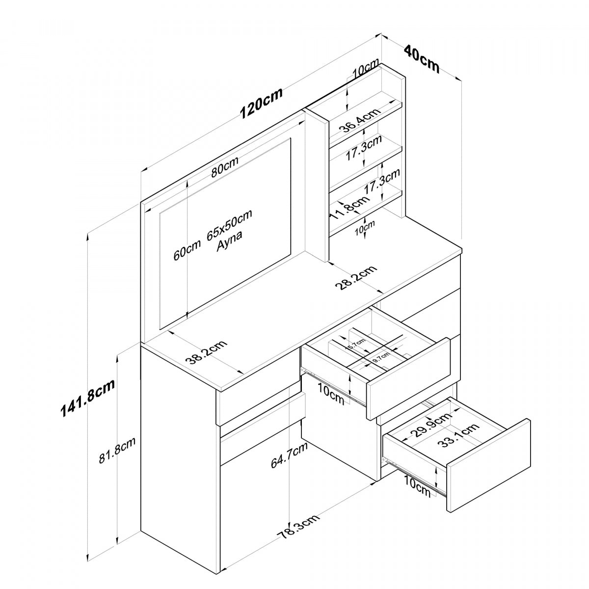 • Open shelves for perfumes, brushes, palettes, and décor items
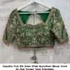 Product Name: Exquisite Pure Silk Green Bridal Muhurtham Blouse – Grand All-Over Kundan Hand Embroidery
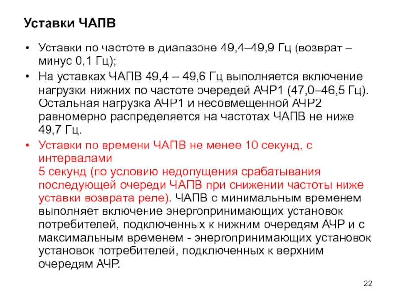 Устройства АЧВР должны действовать на АЗГ при снижении частоты в энергосистеме до значений 49,4–49,7 Гц.

**The problem:** Transcribe exactly the line that contains "Product Name: Exquisite" and each line after it through the end of the listing. Leave out the pictures.

**Result below:**
 Product Name: Exquisite Pure Silk Green Bridal Muhurtham Blouse – Grand All-Over Kundan Hand Embroidery
 Устройства АЧВР должны действовать на АЗГ при снижении частоты в энергосистеме до значений 49,4–49,7 Гц.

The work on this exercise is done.